Implementation tools include static application security testing (SAST) and dynamic application security testing (DAST) software. SAST is like a spell-checker for code, identifying potential vulnerabilities in the source code. SAST runs against a nightly build or may be integrated into your IDE. It may find and open new bugs in the bug management system nightly or prompt the developer to pause while coding to fix a problem in real time.
DAST checks the application's runtime instantiation. It spiders through an application to find all possible interfaces and then attempts to exploit common vulnerabilities in the application. These tools are primarily used on web interfaces.
The test phase
Formal test activities include security functional test plans, vulnerability scanning, and penetration testing. Vulnerability scanning uses industry-standard tools to determine if any system-level vulnerabilities exist with the application or product.
Penetration testing involves testers attempting to work around the security protections in a given application and exploit them. Pen testing stretches the product and exposes it to testing scenarios that automated tools cannot replicate. Pen testing is resource-intensive, so it's usually not performed for every release.
The final phase: Release/response
Release occurs when all the security activities are confirmed against the final build and the software is sent to customers (or made available for download). Response is the interface for external customers and security researchers to report security problems in products.
Part of the response should include a product security-incident response team that focuses on triaging and communicating product vulnerabilities, both individual bugs and those that will require industry-wide collaboration (e.g., Heartbleed, Bashbug, etc.).

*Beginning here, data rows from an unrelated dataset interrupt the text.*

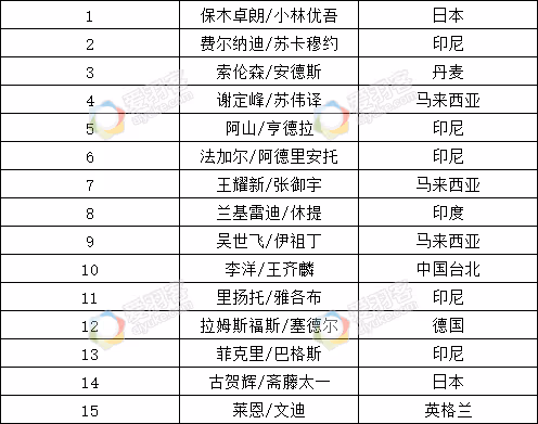 男双解冻之前只有何济霆/谭强排名在前25名之内,第18位;而且两人已经拆对,解冻之后排名更加堪忧。反观印尼世界排名前15中就有5对组合,占了三分之一,国羽男双还需加油呀。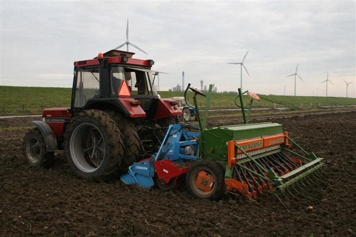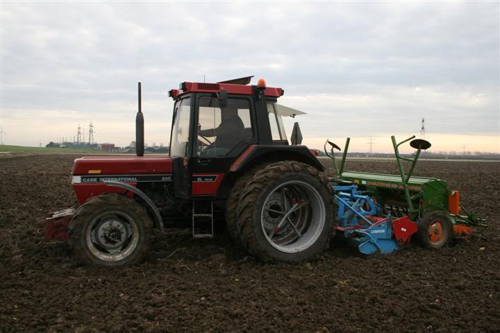 De wintertarwe wordt gezaaid door een Case IH 845xl Plus met een Lemken kopeg en Amazone D8-30 Super zaaimachine.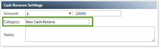 When you're setting up cash reserves, sometimes you want to create a new cash reserve category. To make this process more streamlined, you can now complete both tasks at once - and on the same screen. To do this, simply type the name of the category in the Category box. If the category already exists in Advisor Rebalancing it will appear in a drop-down list. If the category does not exist, Advisor Rebalancing will create it for you when you save the cash reserve.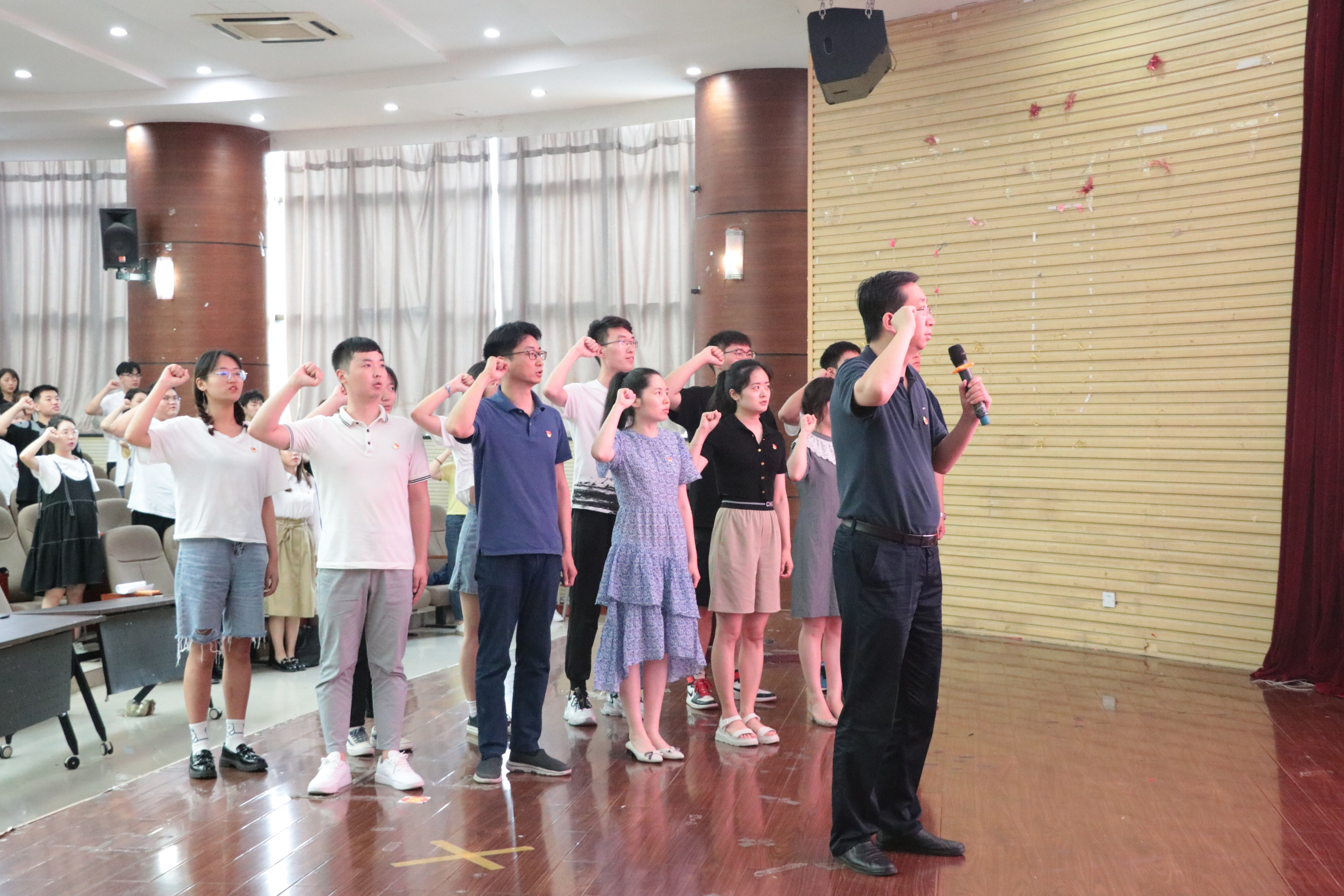 北辰青年宣讲团朗诵了《红船》,带领大家共同回顾了中国共产党成立以来带领中国人民不屈抗争、不懈奋斗的百年革命史、创业史和发展史。2019级预备党员薛子川代表新党员发言。他分享了入党的心路历程,表示将牢记入党誓言,在今后的学习和工作中,自觉以党员的标准严格要求自己,充分发挥共产党员的先锋模范作用。2017级学生党员刘威作为老党员代表发言。她强调了入党誓言对党员的重要性,表示将不忘初心,铭记对党的承诺与誓言,摆正自身位置与态度,学加强自身修养,为党的建设贡献一生。随后,刘文升作为领誓人,带领全体党员面对党旗庄严宣誓。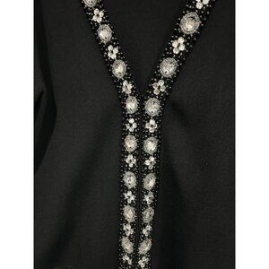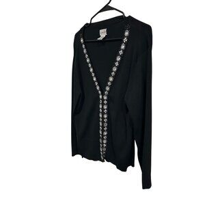 Chicos Black Embellished Cardigan Sweater Floral Rhinestone Long Sleeve Sz L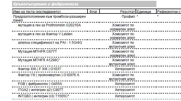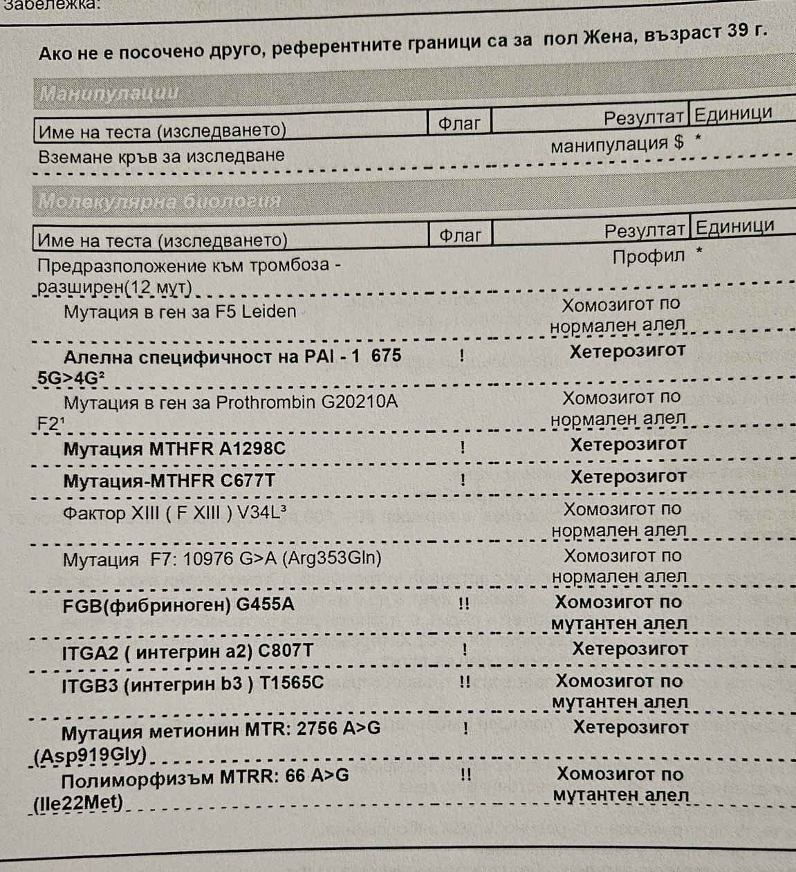 Здравейте! Прилагам резултатите ми от изследване за тромбофилия.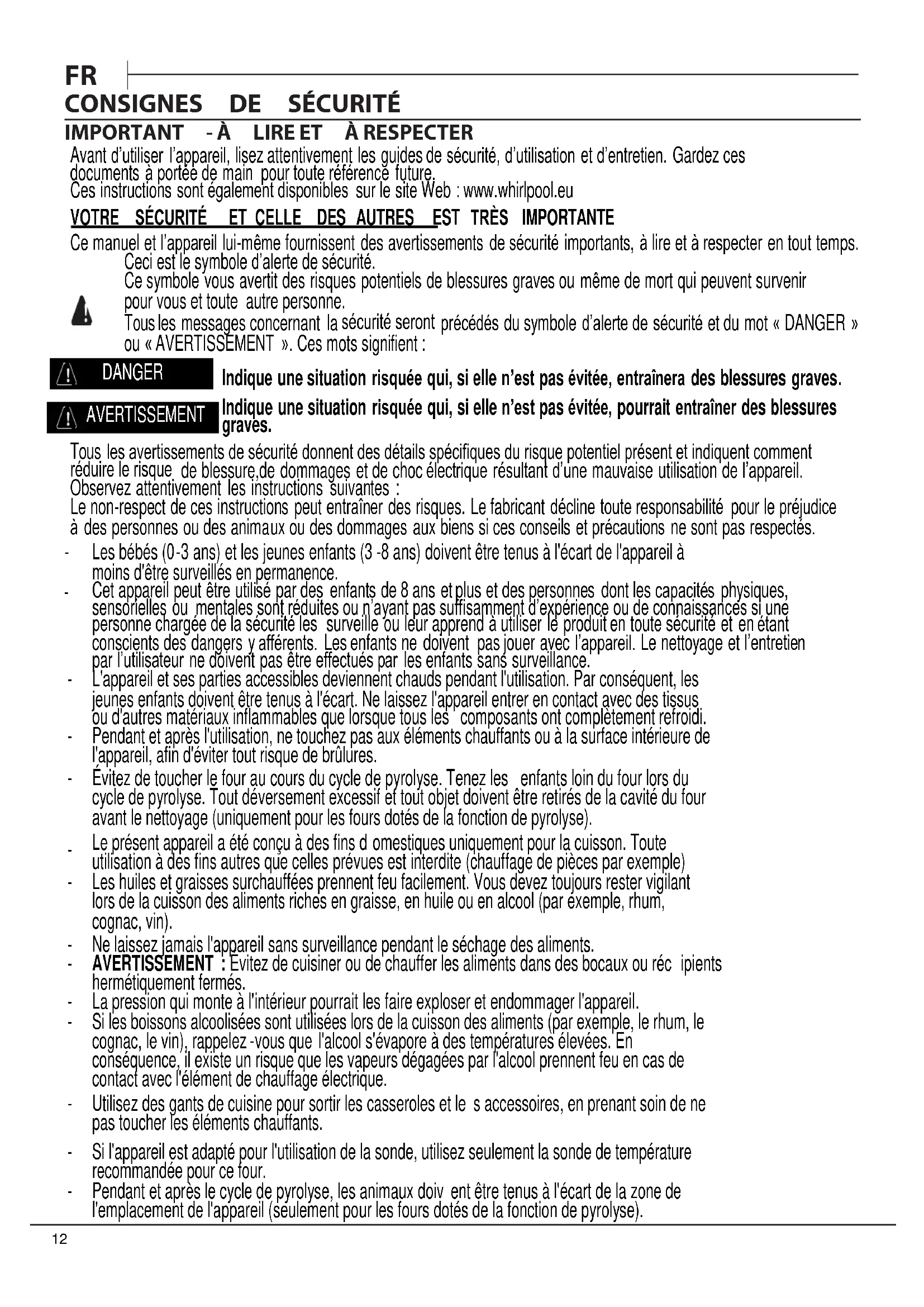 d’entretien. Gardez ces documents à portée de main pour toute référence future. Ces instructions sont également disponibles sur le site Web : www.whirlpool.eu VOTRE SÉCURITÉ ET CELLE DES AUTRES EST TRÈS IMPORTANTE Ce manuel et l’appareil lui-même fournissent des avertissements de sécurité importants, à lire et à respecter en tout temps. Ceci est le symbole d’alerte de sécurité. Ce symbole vous avertit des risques potentiels de blessures graves ou même de mort qui peuvent survenir pour vous et toute autre personne. Tous les messages concernant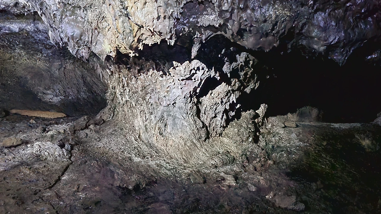 용암석순과 용암석주. 녹아내린 용암이 바닥으로 떨어져 촛불의 촛농처럼 바닥에 쌓인 것을 용암석순이라 한다. 언젠가 종유석과 석순이 만나면 돌기둥이 된다. 이처럼 용암이 떨어지면서 만든 기둥을 용암석주라고 한다.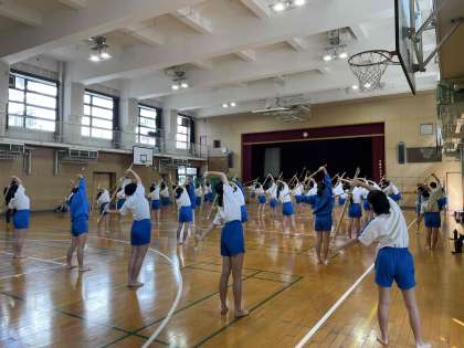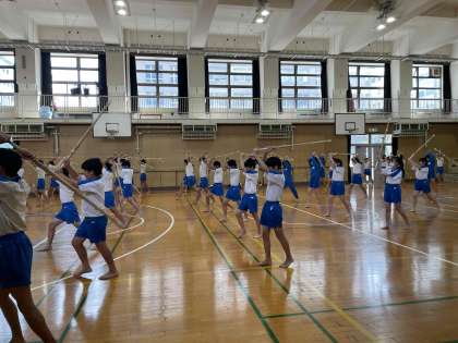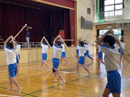 2年5.6組の保健体育の様子です。剣道の素振りを学んでいます。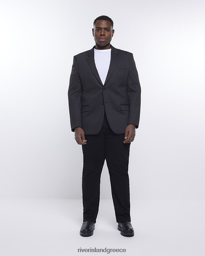 River Island ενδύματα γκρί άνδρες μεγάλο & ψηλό slim fit ανάγλυφο blazer B6N8X5982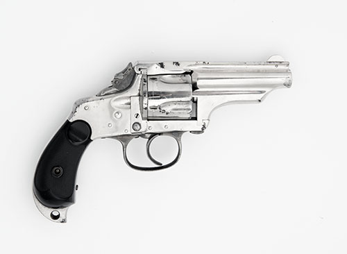 circa 1885, with nickel-plated 2 3/4in. barrel, raised sighting-rib signed by the maker and with patents to 1883, fluted cylinder, plated frame marked '.38 CAL', folding spur on hammer, skull-cracker pommel, guarded trigger and chequered hard rubber grips, some minor loss to plated finish but retaining all colour
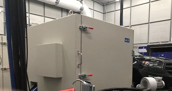 In cases where constraints place the wheel dynamometer inside the chamber, these IAC Acoustics enclosures control the dyno sound to provide optimization of the powertrain and driveline component testing.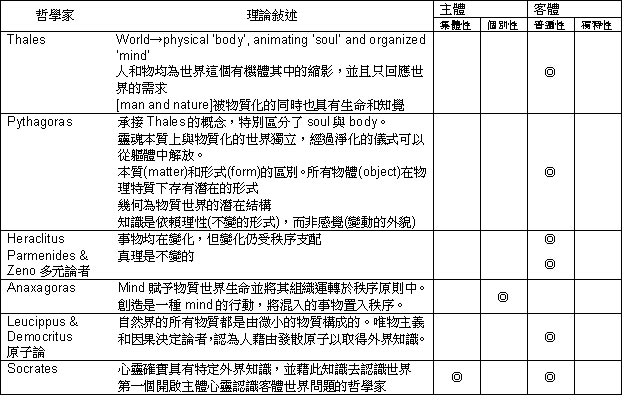 蘇格拉底前學者與蘇格拉底理論比較表: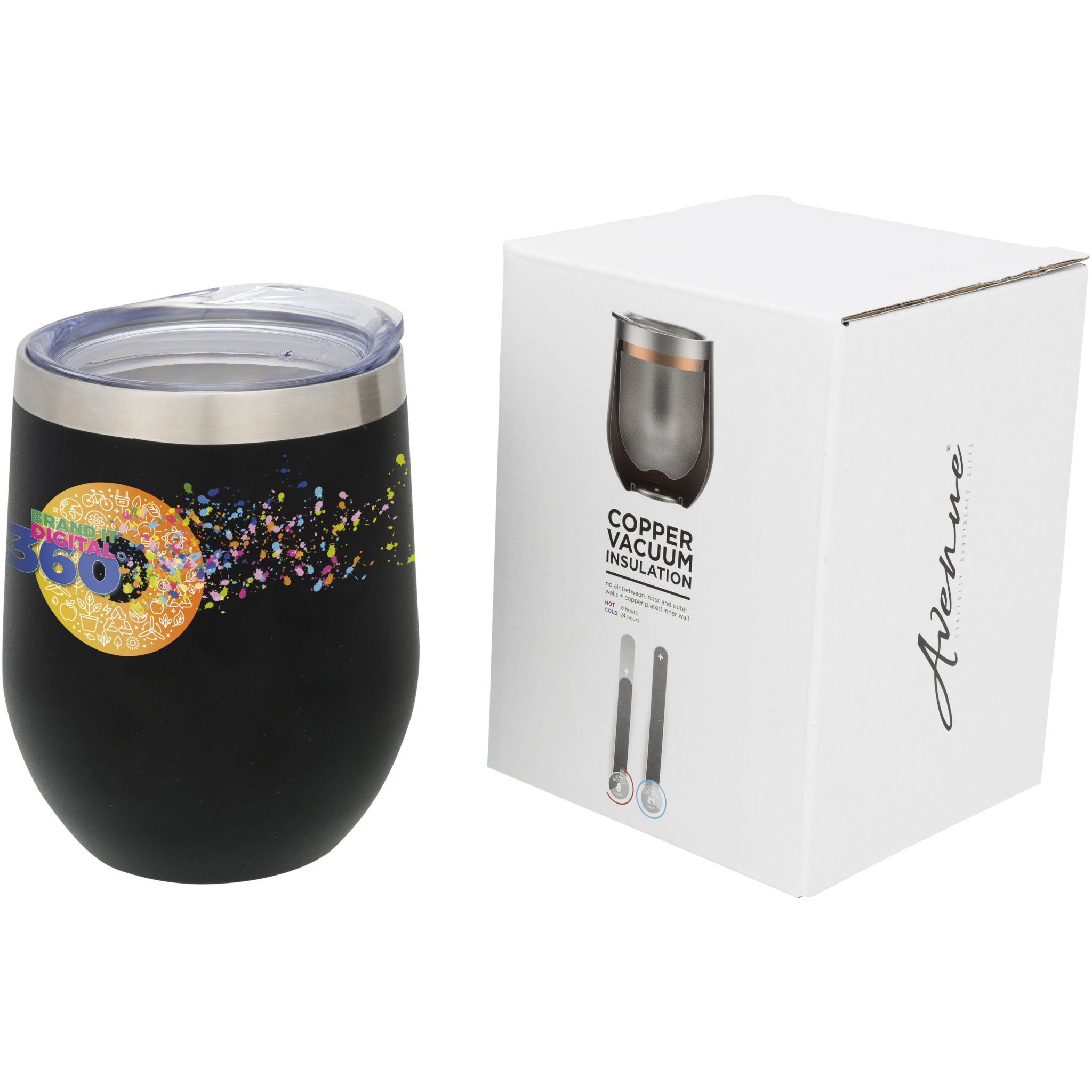 The Corzo copper vacuum insulated cup has a double-wall vacuum construction with copper insulation which means it keeps drinks hot for 6 hours and cold for 24 hours. The construction prevents condensation on the outside of the tumbler. Easy sipping, push-on lid. Features spray powder coating on the outer body. Wide opening for comfortable filling and pouring. Volume capacity is 350 ml. Presented in an Avenue gift box.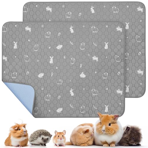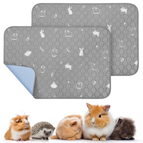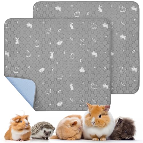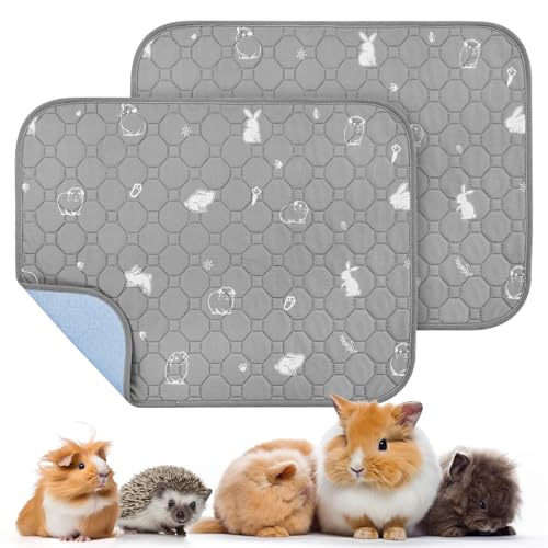 PICK FOR LIFE 2 Packs Guinea Pig Cage Liners - Washable Reusable Pee Pad, Waterproof Fast Absorbent Mat, Non-Slip Bedding for Small Animals - Chinchilla, Rabbit, Hamster, Puppy - 45x60 cm

Other security activities are also crucial for the success of an SDL. These include security champions, bug bounties, and education and training.
Think differently, think secure
The Secure Development Lifecycle is a different way to build products; it places security front and center during the product or application development process.
From requirements to design, coding to test, the SDL strives to build security into a product or application at every step in the development process. A modern application company cannot survive without getting serious about security, and the way to get serious is to integrate an SDL into your everyday work.